AWS Certified Data Engineer – Associate (DEA-C01) — Question 176
A company saves customer data to an Amazon S3 bucket. The company uses server-side encryption with AWS KMS keys (SSE-KMS) to encrypt the bucket. The dataset includes personally identifiable information (PII) such as social security numbers and account details.
Data that is tagged as PII must be masked before the company uses customer data for analysis. Some users must have secure access to the PII data during the pre-processing phase. The company needs a low-maintenance solution to mask and secure the PII data throughout the entire engineering pipeline.
Which combination of solutions will meet these requirements? (Choose two.)
Answer options
- A. Use AWS Glue DataBrew to perform extract, transform, and load (ETL) tasks that mask the PII data before analysis.
- B. Use Amazon GuardDuty to monitor access patterns for the PII data that is used in the engineering pipeline.
- C. Configure an Amazon Macie discovery job for the S3 bucket.
- D. Use AWS Identity and Access Management (IAM) to manage permissions and to control access to the PII data.

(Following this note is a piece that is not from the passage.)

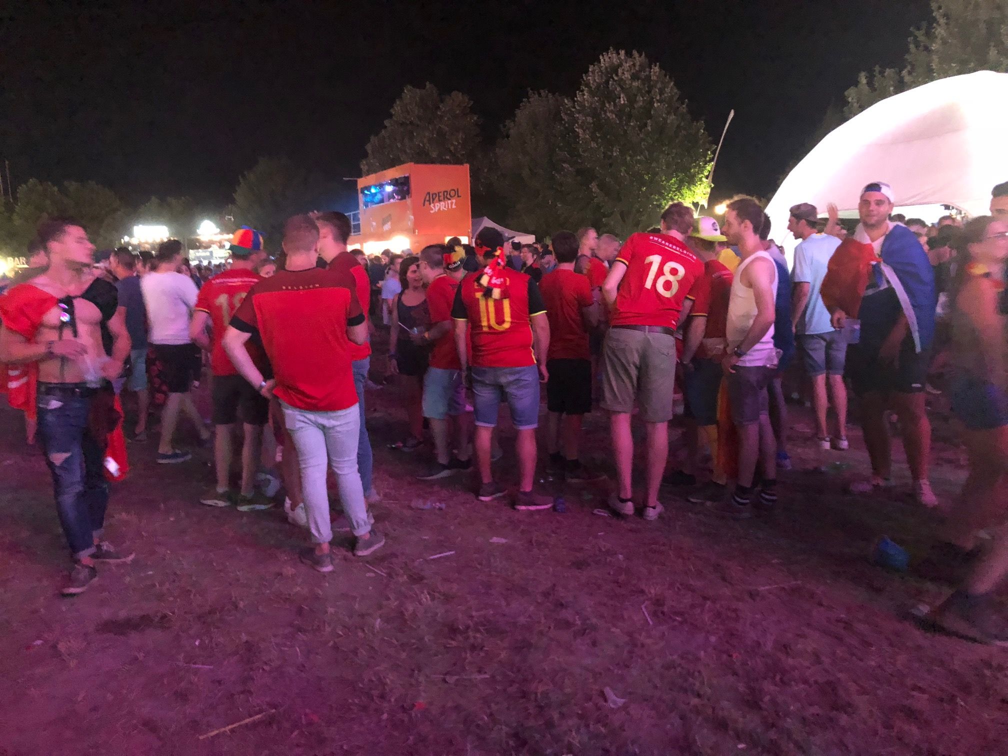 Ella Eyre, Rita Ora ide vagy oda, a belga-brazil összecsapás fontosabb volt nekik, így bár a Balaton Sound területén, de a koncertek helyett a meccset nézték. Már a bejáratnál láttam, hogy több száz belga mezes szurkoló özönlik be a fesztiválra, a himnuszukat énekelve, a játékosaik nevét skandálva.

- E. Write custom scripts in an application to mask the PII data and to control access.
Correct answer: A, D
Explanation
Option A is correct as AWS Glue DataBrew can efficiently handle ETL tasks and mask PII data before it is analyzed. Option D is also correct since AWS IAM provides a robust way to manage permissions and secure access to sensitive PII data. Options B, C, and E do not directly address the requirement for a low-maintenance solution for masking and securing PII data throughout the engineering pipeline.